ARMSTRONG NONEMPLOYEE DIRECTORS COMPENSATION1

EX-10.8 2 c91528exv10w8.htm EXHIBIT 10.8 Exhibit 10.8
Exhibit No. 10.8
ARMSTRONG NONEMPLOYEE DIRECTORS COMPENSATION1
[Approved October 26, 2009]
Annual Retainer Fees
    $155,000 — consisting of a Board retainer of approximately $70,000 per year plus an annual award of restricted stock or stock units valued at approximately $85,000.2
 
    Special annual retainers as follows:
    $20,000 for the Lead Director
 
    $20,000 for the Audit Committee Chair
 
    $10,000 for the Management Development and Compensation Committee Chair
 
    $10,000 for the Nominating and Governance Committee Chair
    Cash is paid quarterly in arrears. The annual stock unit grant is made in one installment in October at or about the time of the regular October Board meeting to directors serving at the time of said meeting, vesting on the anniversary of the grant date.
    Cash payments and stock unit grants for positions starting off-cycle are pro-rated by the number of days remaining in the then-current payment period.
Daily Fees
    Special assignment fee of $2,500 per diem ($1,250 for less than 4 hours), paid in cash. Applies to one-on-one meetings with CEO, plant visits, and other non-scheduled significant activities.
Commencement Award
    One-time Service Commencement Award of 6,000 units (discretionary grant) vesting in thirds on the first, second and third anniversary of grant date.2
 
     
1   This summary is intended to provide an overview of the components of the Armstrong Nonemployee Directors Compensation. The applicable plans and policies referenced herein contain detailed terms and conditions.
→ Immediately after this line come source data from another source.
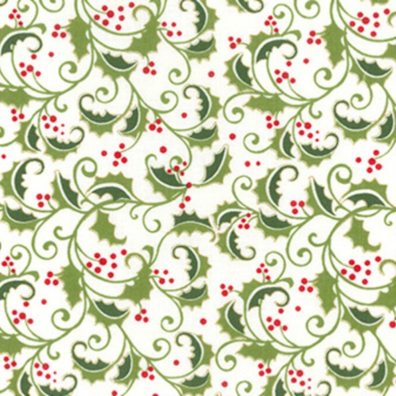 (REMNANT) 100% Cotton Fabric Christmas Holly Leaves Scrolling Vine Berries White Approx 37cm x 112cm
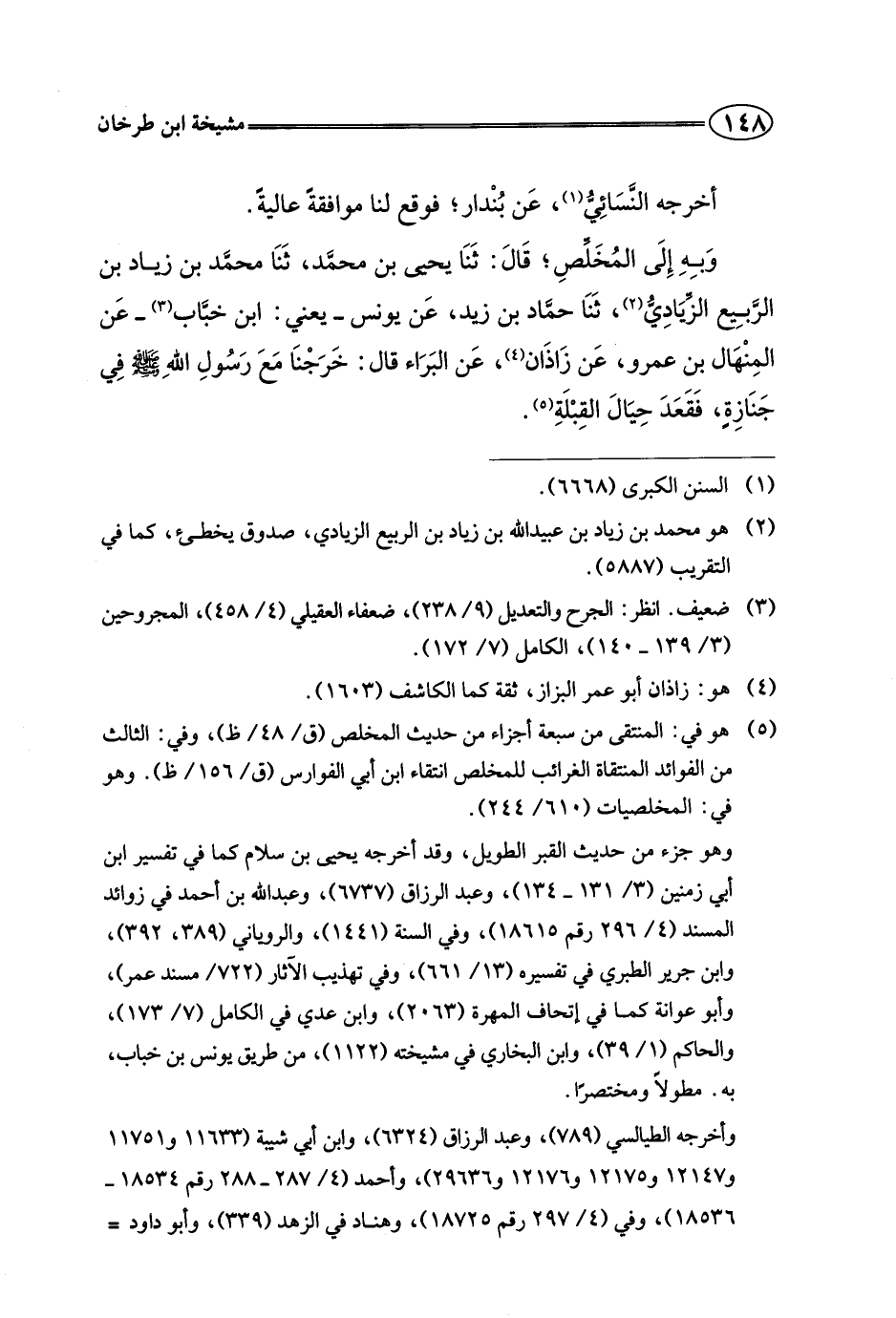 وبه إلى المخلص، قال: ثنا يحيى بن محمد، ثنا محمد بن زياد بن الربيع الزيادي، ثنا حماد بن زيد، عن يونس - يعني: ابن خباب - عن المنهال بن عمرو، عن زاذان، عن البراء قال: خرجنا مع رسول الله صلى الله عليه وسلم في جنازة فقعد حيال القبلة.
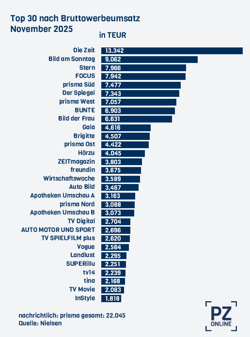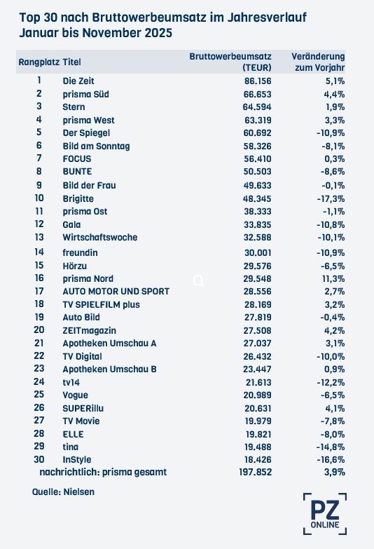 Das TV-Supplement Prisma rangiert wie üblich mit der Süd- und der Westausgabe in der Spitzengruppe, mit der Ost- und der Nordausgabe hingegen im Mittelfeld der Top 30. Zählt man alle vier Regionalausgaben zusammen, so kommt die auflagenstarke TV-Beilage auf einen Bruttowerbeumsatz von 22,0 Millionen Euro. Damit liegt sie weit vor allen frei verkäuflichen Titeln.
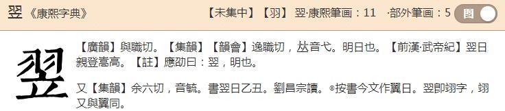 翌,汉语二级字,读作翌(yì),该文字在《路史节读》和《晏子春秋》等文献均有记载。

In the event of a discrepancy between this summary and any plan document or Company policy, the terms and conditions of the plan document or pertinent company policy shall govern.
 
2   In accordance with the 2008 Directors Stock Unit Plan, as adopted by the Company’s shareholders at its June 23, 2008 meeting, the annual award of restricted stock or stock units is valued at the number of stock units equal to 55% of the total annual compensation of $155,000. Fractions are rounded up to the next whole share. Complete details with respect to the award of stock units under the 2006 Phantom Stock Plan and the 2008 Director Stock Unit Plan can be found in the plan documents, which terms govern the operation of the plans and the granting of all shares. In the event of a discrepancy between this summary and the Plan document, the Plan document shall govern.

 

 


 

Perquisites
    Annual Physical Exam up to $2,000 reimbursement
 
    Directors and Officers Liability Insurance
 
    Travel Accident Insurance
 
    Participation in Armstrong Foundation’s Higher Education Gift-Matching Program (Provided by the Foundation, a separate legal entity, subject to its discretion.)
 
    Participation in Armstrong’s Employee Purchase Programs (Policy C-350)
 
    Participation in “compassionate use” provision of the Company Aircraft Operation Policy (Policy B-200)
Stock Ownership Requirement
Each director shall acquire and hold until six months following the end of his/her service, such number or value of units or shares of common stock of the Company as is specified in the Company’s Corporate Governance Principles. This requirement is waived as to directors designated by shareholders who, while not holding shares individually, nevertheless have an equity interest in common stock of the Company by virtue of their position with the shareholder.
Note: At the request of Messrs. Bonderman and Burns, and as adopted by the Board on September 22, 2009, neither Mr. David Bonderman nor Mr. Kevin Burns shall receive compensation for his service as a director.